EchriS – Evaluation christlicher Schulen

Die PISA-Studien, die um die Jahrtausendwende erschienen, hatten ein schlechtes Licht auf die deutschen Schulen geworfen. Das rief zwangsläufig die Schulaufsichten in den Bundesländern auf den Plan, die sich sehr intensiv daran machten, die Qualitätsentwicklung an ihren Schulen voranzutreiben. Dabei schossen einige über das Ziel hinaus und nahmen sich auch der Qualität von Schulen in freier Trägerschaft an. Es entbrannte eine Diskussion darüber, ob das zulässig sei oder ein unrechtmäßiger Eingriff in die Autonomie und Selbstbestimmung von Schulen in freier Trägerschaft. Obwohl sich letzteres als richtig erwies, gab es eine Reihe von Schulen in freier Trägerschaft, die sich freiwillig den staatlichen Maßstäben unterwerfen wollten.

Die Frage, ob sich Schulen in evangelischer Trägerschaft den staatlichen Qualitätskriterien stellen sollten oder einen eigenen Qualitätsrahmen entwickeln sollten, wurde ausgehend von der Konferenz der Referenten für Bildungs-, Erziehungs- und Schulfragen in den Gliedkirchen der EKD (BESRK) diskutiert. Es kristallisierten sich drei Wege heraus: eine völlige Unterordnung unter die staatliche Qualitätsanalyse, die Beschreibung eines evangelischen Qualitätsbereichs in Ergänzung zu den staatlichen und eine völlig eigenständige Qualitätsanalyse für Schulen in evangelischer Trägerschaft. Der dritte Weg führte zu EchriS.

EchriS – Förderung der Entwicklung christlicher Schulen e. V.

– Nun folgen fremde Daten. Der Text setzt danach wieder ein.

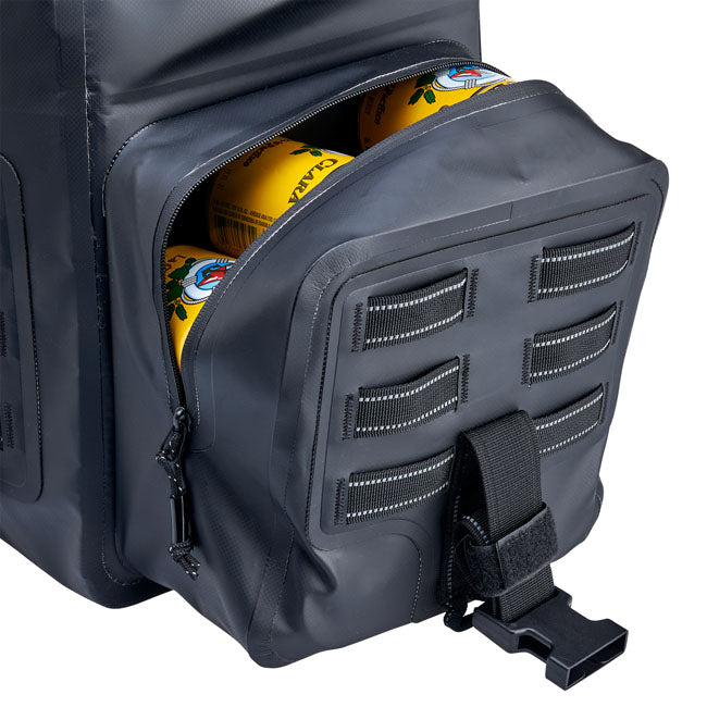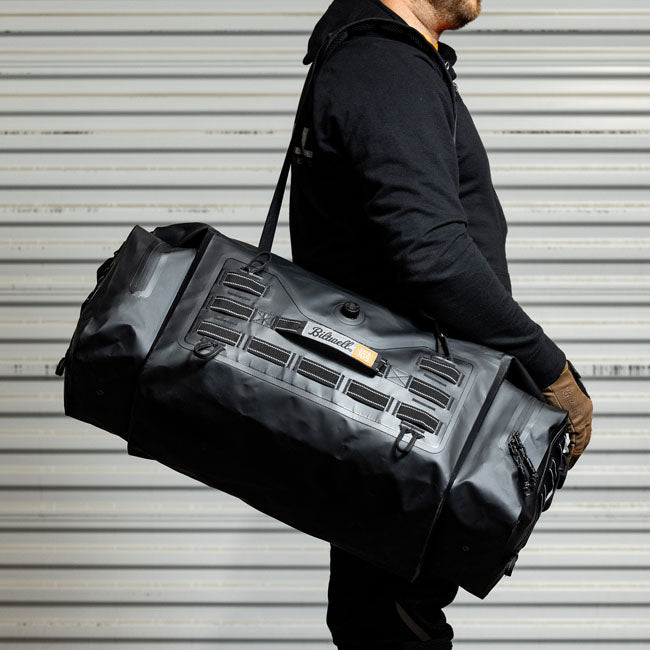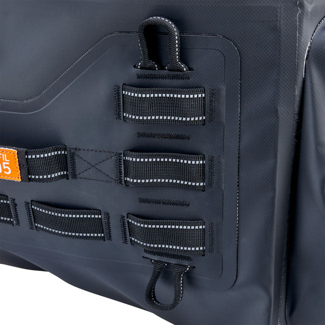 Die EXFIL-105 Dry Bag ist die größte Tasche der EXFIL-Reihe und wurde für lange Reisen entwickelt, bei denen maximale Stauraumkapazität und vollständige Wasserdichtigkeit unerlässlich sind. Sie kann seitlich auf einem großen Gepäckträger, einem Sitz oder über Satteltaschen befestigt werden und fasst beeindruckende 105 Dosen oder alle wichtigen Utensilien für längere Motorradreisen. Das Hauptfach ist dank thermisch verschweißter Nähte wasserdicht und staubdicht, während große Endtaschen einen schnellen Zugriff ermöglichen, ohne dass die Tasche abgenommen werden muss.
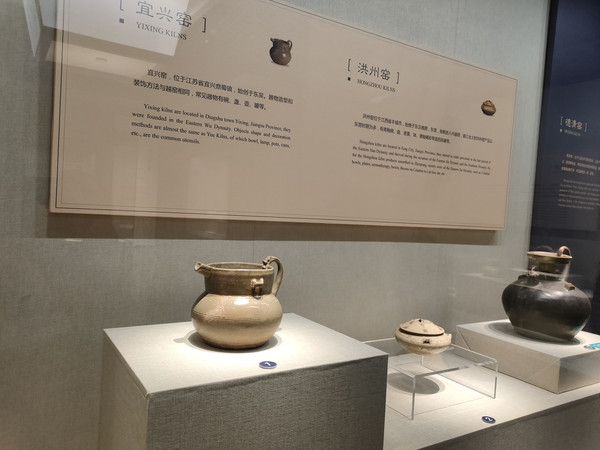 宜兴窑位于宜兴丁蜀镇,始创于东吴,器物造型和装饰方法与越窑相类。洪州窑位于江西省丰城市,始烧于东汉晚期,东晋、南朝进入兴盛期,镇江出土的洪州窑以东晋时期为多,有青釉碗、盘、香蕉、钵、青釉褐彩带盖四系罐等。
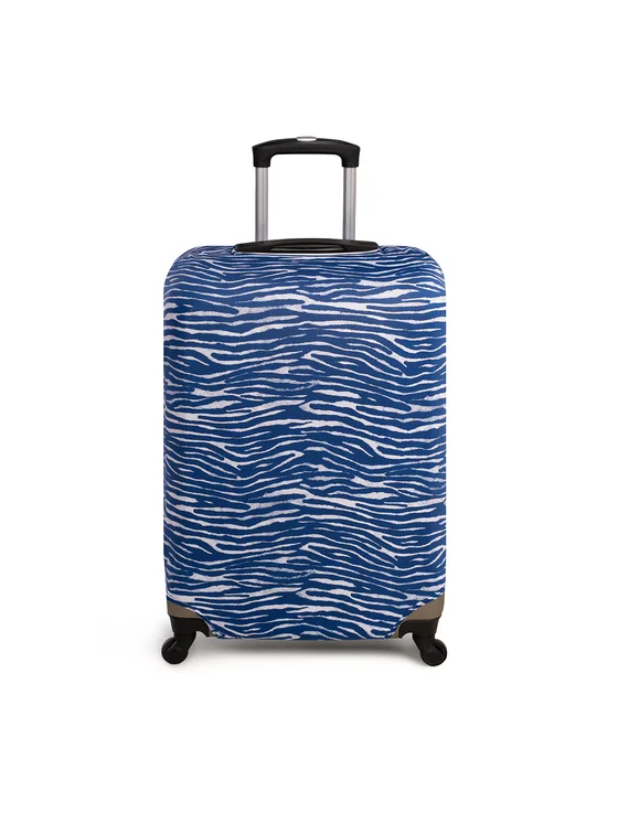 La custodia per valigia con stampa animalier blu navy è una protezione elegante del bagaglio per ogni viaggio. Il motivo che richiama le righe di una zebra nei toni del blu navy e del bianco fa risaltare la valigia sul nastro bagagli e la rende facilmente riconoscibile anche da lontano. Il tessuto elasticizzato avvolge morbidamente il bagaglio, proteggendolo da graffi, sporco e abrasioni durante il trasporto. Le aperture studiate per la maniglia telescopica e le impugnature non limitano la praticità d’uso, mentre la custodia, una volta ripiegata, occupa pochissimo spazio nel bagaglio a mano. È un accessorio pratico per chi viaggia spesso e desidera che la propria valigia mantenga a lungo un aspetto come nuovo. Nota: vendiamo esclusivamente la custodia, senza la valigia visibile nelle immagini. TAGLIA M – valigie medie (dimensioni misurate da distesa: larghezza 60 cm, altezza 76 cm).

Da ein unabhängiges Instrumentarium auch unabhängig entwickelt werden sollte, schlossen sich Verantwortliche des christlichen Schulwesens, die sich über ihre beruflichen Aufgaben in Kirche, Diakonie, Forschung, Schulen und christlichen Trägerverbänden hinaus für die Förderung christlicher Schulen engagierten, zusammen und gründeten den Verein „EchriS – Förderung der Entwicklung christlicher Schulen e.V.“, der Träger des Projektes EchriS zur Evaluation christlicher Schulen war. Von Beginn an war EchriS offen für evangelisch und katholisch getragene Schulen und als Verein unabhängig von den Trägern und Trägerverbänden der christlichen Schulen.

So steht EchriS® für ein Instrument für die Evaluation und Entwicklung christlicher Schulen und EchriS e. V. als Träger des Projektes. Der Verein wurde 2004 in Nürtingen gegründet und 2020 durch Beschluss der Mitgliederversammlung aufgelöst. Die Satzung sah vor, dass im Falle einer Vereinsauflösung das Vermögen des Vereins an die Hoffbauer gGmbH geht. Seither ist EchriS Teil des ibe der Hoffbauer gGmbH, das Schulentwicklungskonzept und die Evaluation nach EchriS sind über das ibe abfragbar.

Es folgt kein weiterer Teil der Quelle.